A document from MCS 275 Spring 2023, instructor Emily Dumas. You can also get the notebook file.

MCS 275 Spring 2023 Homework 5

  • Course Instructor: Emily Dumas

Instructions:

  • Complete the problems below, which ask you to write Python scripts.
  • Upload your python code directly to gradescope, i.e. upload the .py files containing your work.

Deadline

This homework assignment must be submitted in Gradescope by Noon central time on Tuesday February 14, 2023.

Collaboration

Collaboration is prohibited, and you may only access resources (books, online, etc.) listed below.

Content

This assignment is about recursion and Python notebooks. (Worksheet 5 also included material on context managers, but that isn't explicitly tested in this assignment.)

Resources you may consult

Most relevant:

Less likely to be relevant, but also allowed:

Point distribution

This homework assignment has 3 problems, numbered 2, 3, and 4. The grading breakdown is:

Points Item
3 Autograder
4 Problem 2
4 Problem 3
4 Problem 4
15 Total

The part marked "autograder" reflects points assigned to your submission based on some simple automated checks for Python syntax, etc. The result of these checks is shown immediately after you submit.

What to do if you're stuck

Ask your instructor or TA a question by email, in office hours, or on discord.

Problem 2: Submit your homework as a notebook

As with worksheet 5, for this homework assignment you'll be asked to complete all of your work in a Python notebook.

Submit everything as a single file called mcs275hw5.ipynb.

If you work in Jupyter (as installed with python3 -m pip install notebook), just name the notebook mcs275hw5 and it will be saved with the .ipynb extension in the directory where you started Jupyter.
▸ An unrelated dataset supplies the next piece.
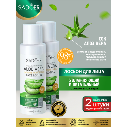 Увлажняющий и питательный лосьон для лица Sadoer с соком алоэ вера 120 мл. х 2 шт. Лосьон для лица с легкой текстурой и нежным травяным ароматом имеет общеукрепляющее и восстанавливающее действие, увлажняет кожу и насыщает ее витаминами и необходимыми микроэлементами.

If you work in Colab, you can download the .ipynb file to your computer using the menu bar that Colab displays at the top of the notebook. Select File, then Download, and in the submenu, Download .ipynb.

This problem score reflects notebook format

When your assignment is graded, this problem's score will reflect whether your notebook follows the notebook format guidelines below. The other problems contain coding exercises and the scores on those problems will look for correctness of your work.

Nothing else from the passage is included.